The 1954 Wisconsin Supreme Court election was held on Tuesday, April 6, 1954 to elect a justice to a full ten-year seat the Wisconsin Supreme Court. Incumbent justice Roland J. Steinle (who had been appointed the previous year to fill a vacancy) won the election, defeating William H. Dieterich (a perennial candidate for state office) in the general election by a sizable margin. Prior to the general election, a nonpartisan primary was held in which both Steinle and Dieterich advanced over Perry J. Stearns.

==Background==
In 1953, incumbent justice Oscar Fritz announced that he would not seek re-election in 1954. In December 1953, he retired early from his seat. Governor Walter J. Kohler Jr. appointed Roland J. Steinle (a 13-year incumbent of a Circuit Court judgeship in Milwaukee) to fill the Supreme Court vacancy.

Due to the timing of Fritz's retirement (coming shortly before the already-scheduled spring 1954 date for the next election to the seat) the next election did not need to be shifted.

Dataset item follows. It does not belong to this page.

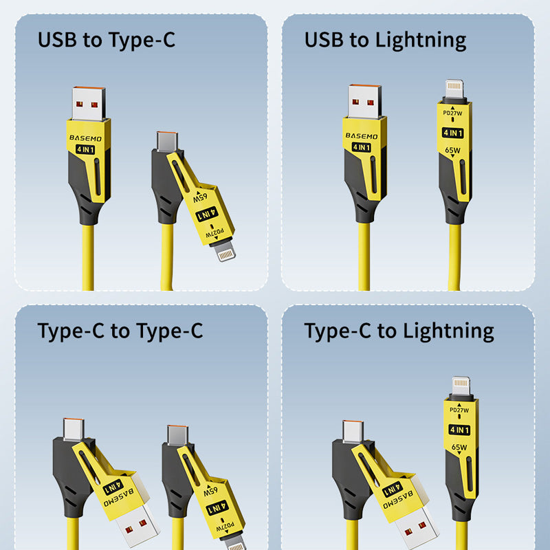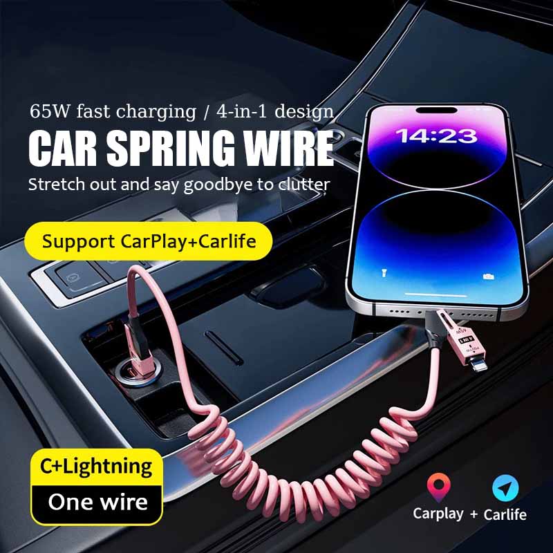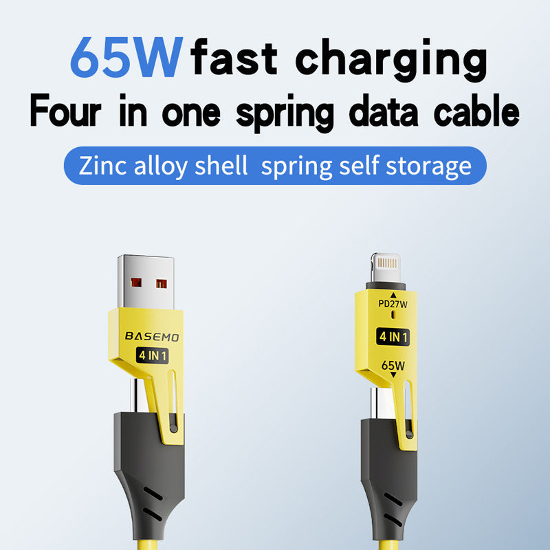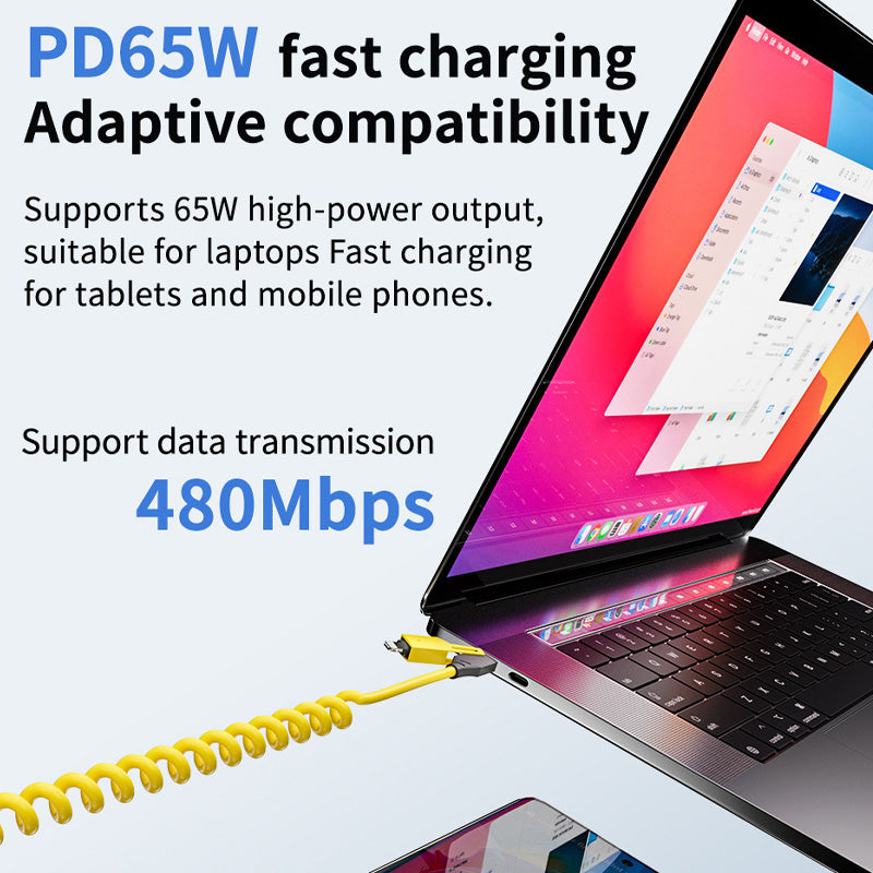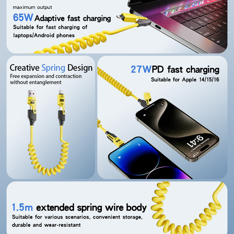 Denne 4-i-1-datakabelen med fjæruttrekk er utformet for effektiv lading og dataoverføring. Den støtter 65 W hurtiglading og passer til en rekke ulike enheter som bærbare datamaskiner og mobiltelefoner, noe som gjør ladeopplevelsen raskere.

This was the first election to be held after an April 1953 referendum in which Wisconsin voters had ratified a amendment that made all elections to the supreme court for full ten-year terms (whether regularly scheduled or to fill a vacancy occurring before the expiration of a preceding term) though this change did not impact the 1954 election since a regularly scheduled ten-year election to this seat had already been scheduled in 1954 even before the vacancy arose.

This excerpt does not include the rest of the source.